**Work required:** Nothing but the lines below from the one holding "데이터를 배열의 중간에" up to and including the one holding "CONTENTS x 1." should be copied, exactly and without pictures.

**Data provided:**
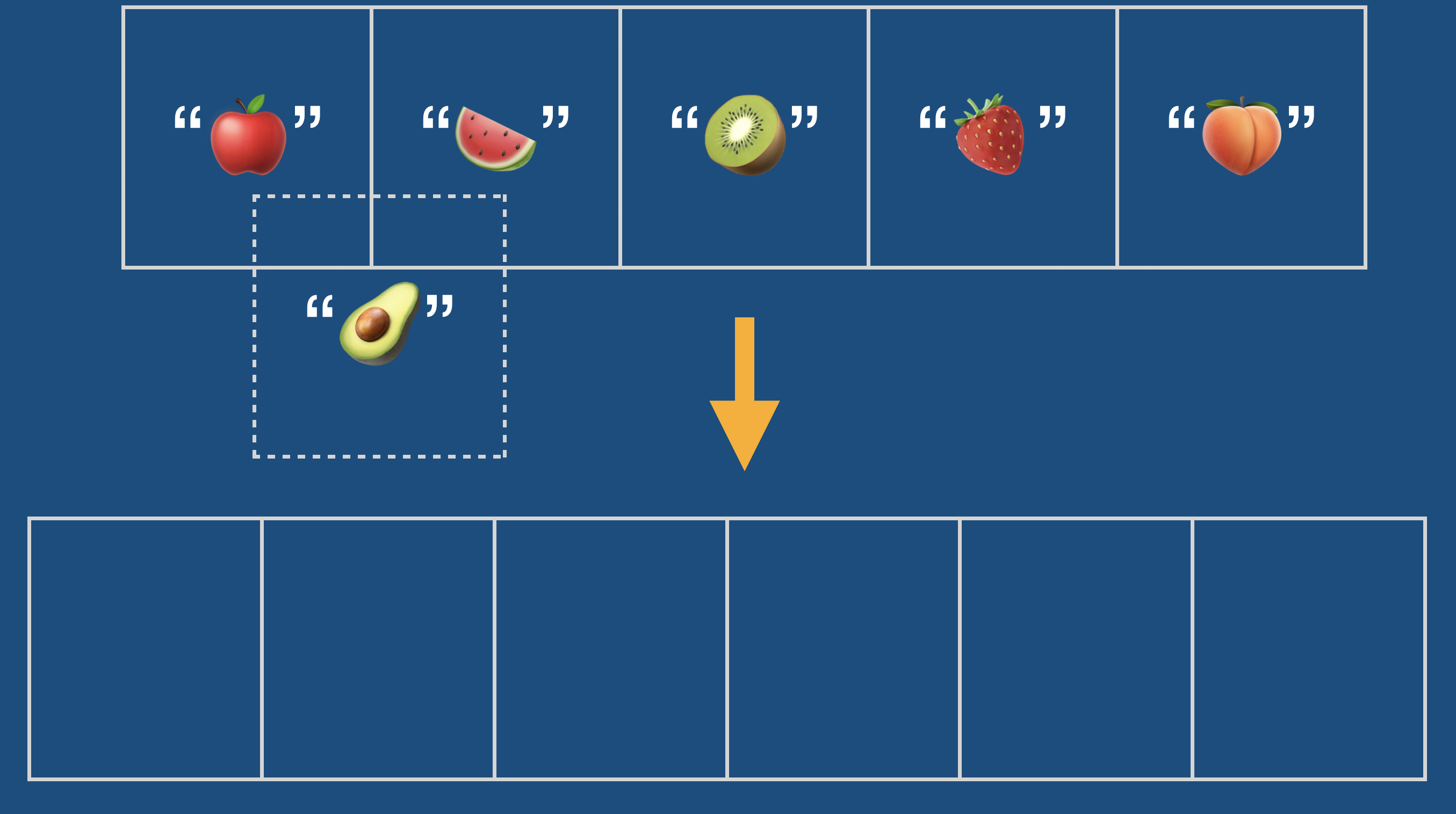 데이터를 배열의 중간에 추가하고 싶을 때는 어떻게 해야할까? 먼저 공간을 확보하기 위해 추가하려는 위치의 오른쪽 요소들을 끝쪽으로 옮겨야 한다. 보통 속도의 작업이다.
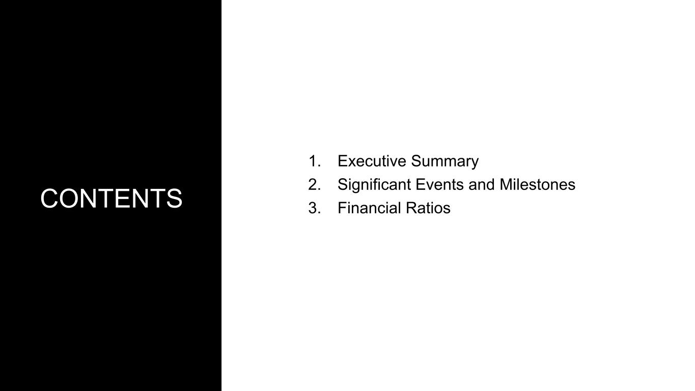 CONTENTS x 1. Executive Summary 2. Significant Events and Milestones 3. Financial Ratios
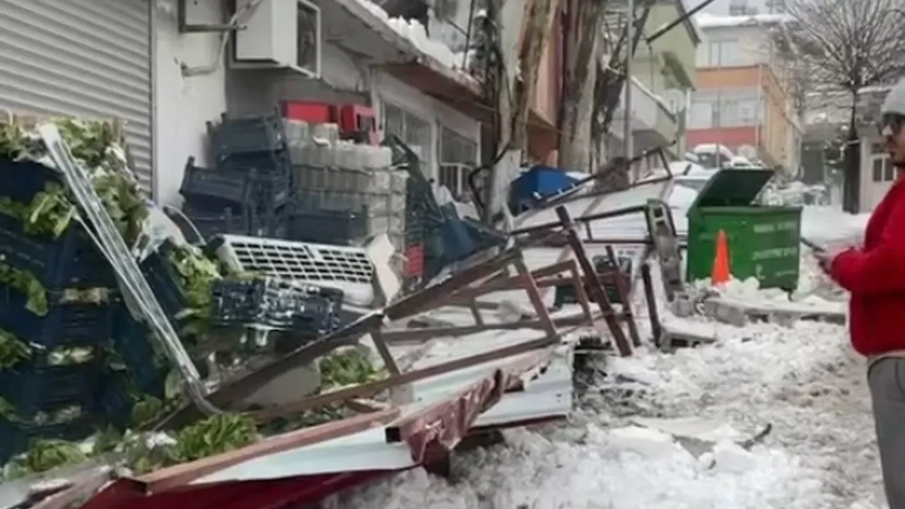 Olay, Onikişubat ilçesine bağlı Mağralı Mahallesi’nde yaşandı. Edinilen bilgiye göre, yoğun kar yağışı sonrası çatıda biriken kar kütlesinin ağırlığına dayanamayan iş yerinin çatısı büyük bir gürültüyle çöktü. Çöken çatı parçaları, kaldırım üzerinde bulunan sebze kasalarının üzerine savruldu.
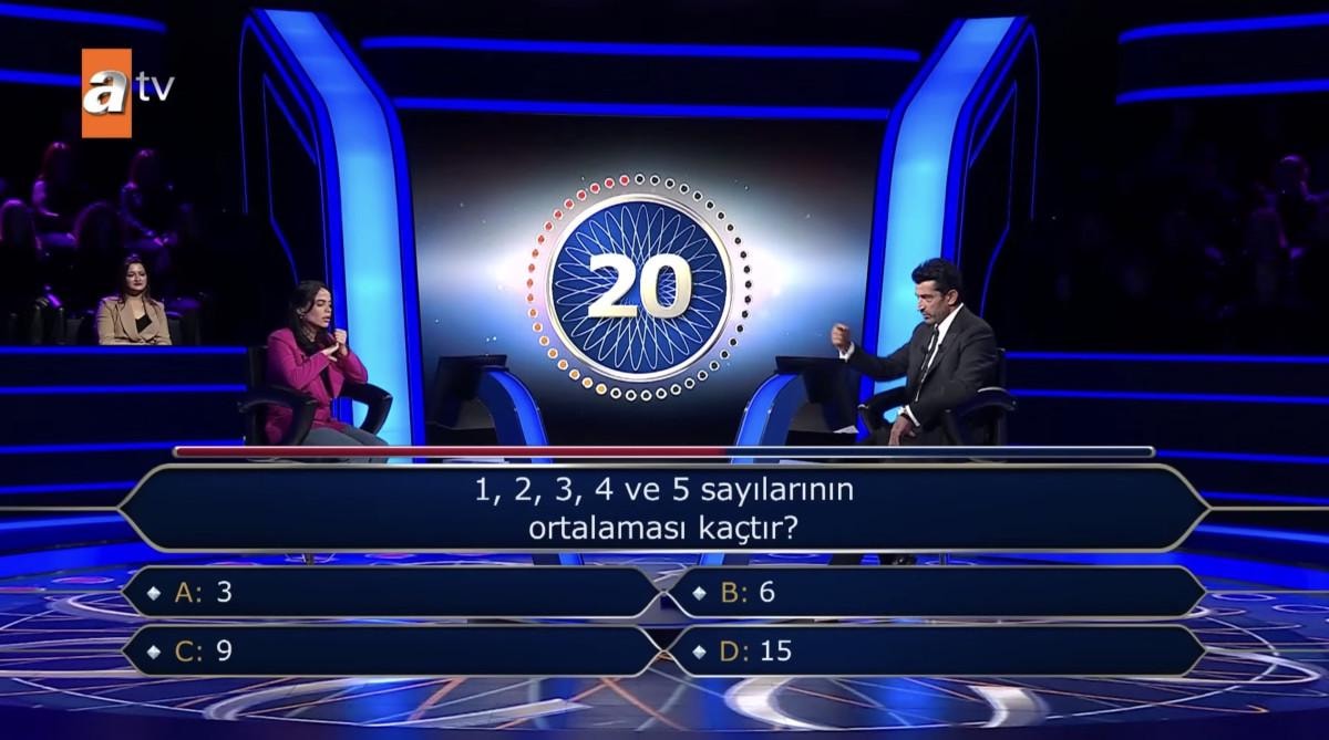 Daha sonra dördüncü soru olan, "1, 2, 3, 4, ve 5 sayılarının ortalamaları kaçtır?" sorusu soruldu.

---

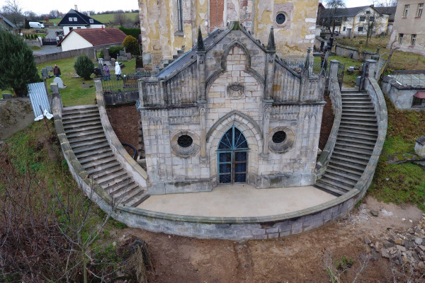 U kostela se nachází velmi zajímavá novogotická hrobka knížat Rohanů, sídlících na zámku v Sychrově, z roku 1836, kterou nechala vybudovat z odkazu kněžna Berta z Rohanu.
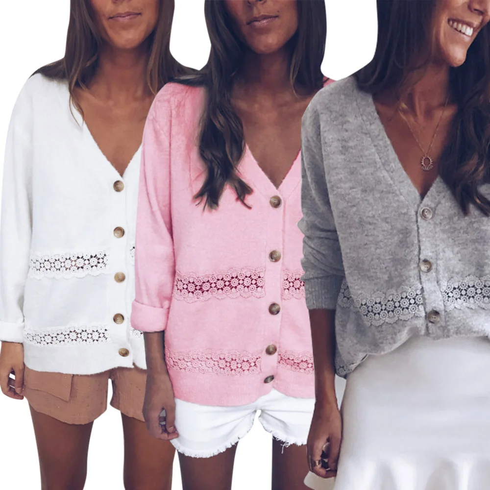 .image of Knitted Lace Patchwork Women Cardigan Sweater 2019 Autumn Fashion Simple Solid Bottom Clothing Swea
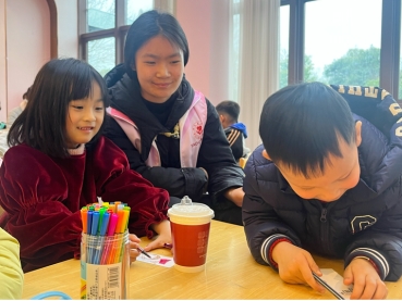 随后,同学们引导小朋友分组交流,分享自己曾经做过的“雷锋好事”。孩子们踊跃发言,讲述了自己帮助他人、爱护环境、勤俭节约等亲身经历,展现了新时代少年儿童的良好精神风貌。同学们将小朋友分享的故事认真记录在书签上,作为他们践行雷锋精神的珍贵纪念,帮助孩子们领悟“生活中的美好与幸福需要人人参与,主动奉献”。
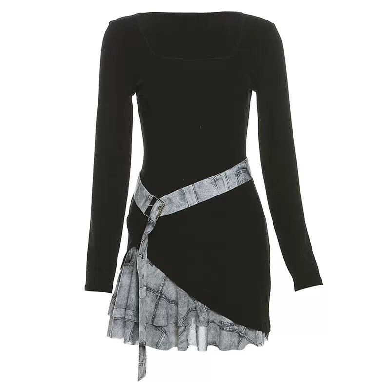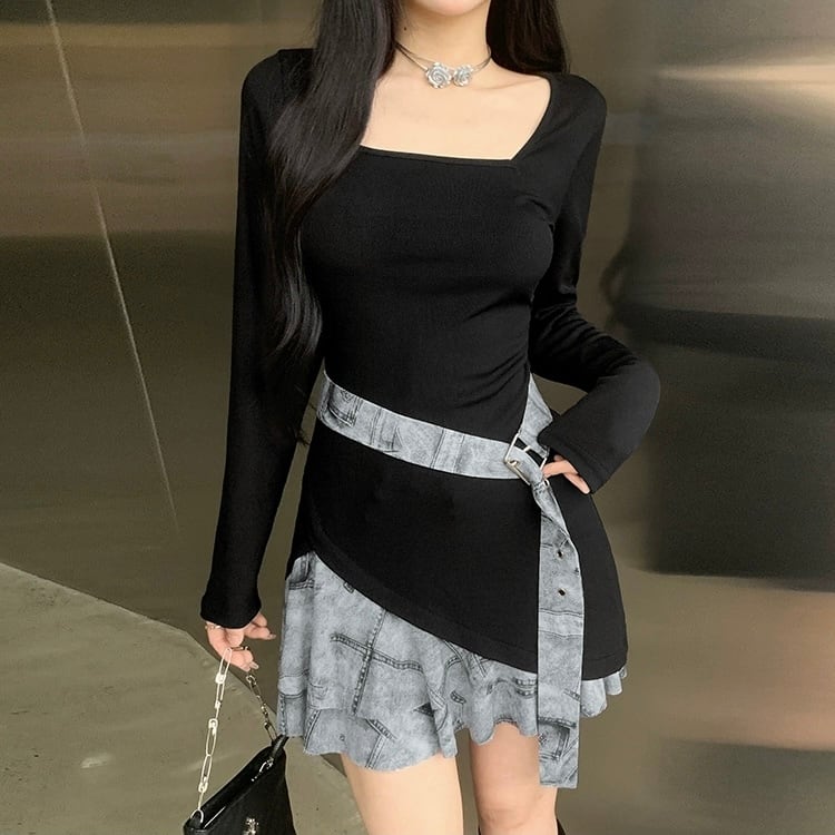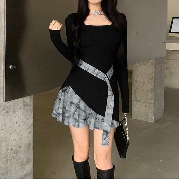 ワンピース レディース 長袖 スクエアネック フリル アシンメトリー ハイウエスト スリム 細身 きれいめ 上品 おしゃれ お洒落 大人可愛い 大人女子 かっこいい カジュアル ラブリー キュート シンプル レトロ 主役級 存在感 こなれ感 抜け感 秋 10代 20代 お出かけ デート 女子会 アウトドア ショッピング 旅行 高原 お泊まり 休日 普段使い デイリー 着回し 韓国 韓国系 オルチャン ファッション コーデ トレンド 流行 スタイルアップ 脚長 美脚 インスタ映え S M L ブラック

**Expected answer:**
 데이터를 배열의 중간에 추가하고 싶을 때는 어떻게 해야할까? 먼저 공간을 확보하기 위해 추가하려는 위치의 오른쪽 요소들을 끝쪽으로 옮겨야 한다. 보통 속도의 작업이다.
 CONTENTS x 1. Executive Summary 2. Significant Events and Milestones 3. Financial Ratios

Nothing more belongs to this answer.